■ **INFORMATION PROVIDED**
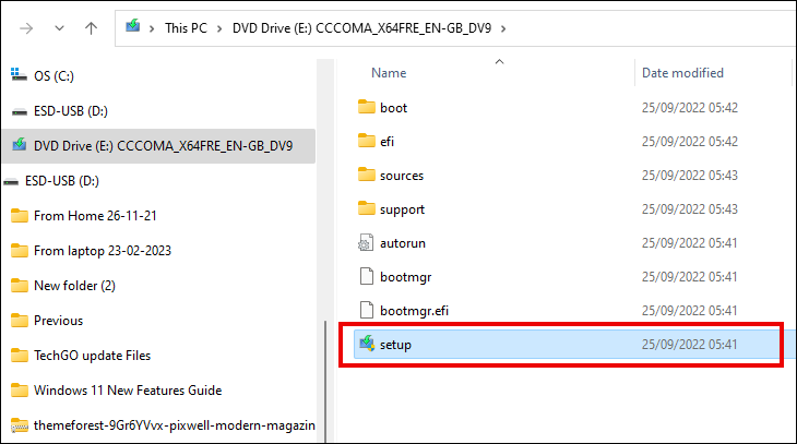 这将为磁盘映像创建一个虚拟驱动器,该驱动器将显示在文件资源管理器的导航面板中。选择虚拟驱动器,然后双击“设置.exe”开始该过程。
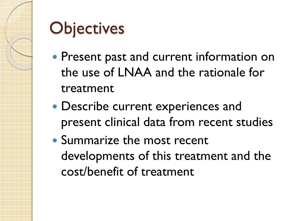 Objectives • Present past and current information on the use of LNAA and the rationale for treatment • Describe current experiences and present clinical data from recent studies • Summarize the most recent developments of this treatment and the cost/benefit of treatment
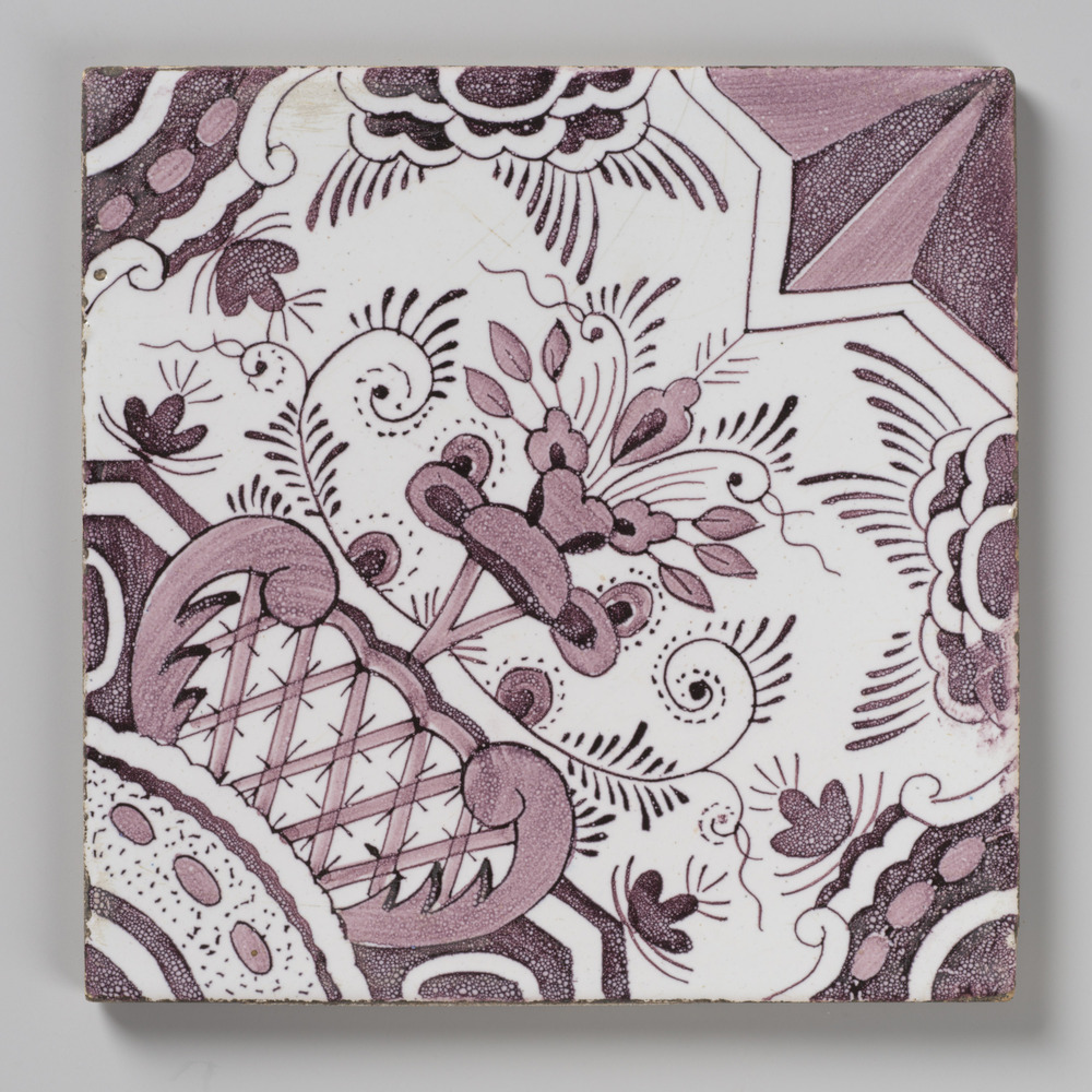 tegel van keramiek met tinglazuur, voorstellende: pl...
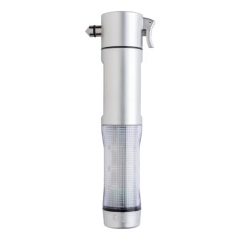 - Lampe torche de secours pour voiture, corps argenté en ABS, 1 LED blanche et 9 lumières rouges clignotantes sur le côté, coupe-ceinture, brise-vitre, socle aimanté.

■ **WORK ITEM**
Your task is to repeat, word for word and with no picture, every line from the one that contains "tegel van keramiek" through the last line of the data.

■ **YOUR SOLUTION**
 tegel van keramiek met tinglazuur, voorstellende: pl...
 - Lampe torche de secours pour voiture, corps argenté en ABS, 1 LED blanche et 9 lumières rouges clignotantes sur le côté, coupe-ceinture, brise-vitre, socle aimanté.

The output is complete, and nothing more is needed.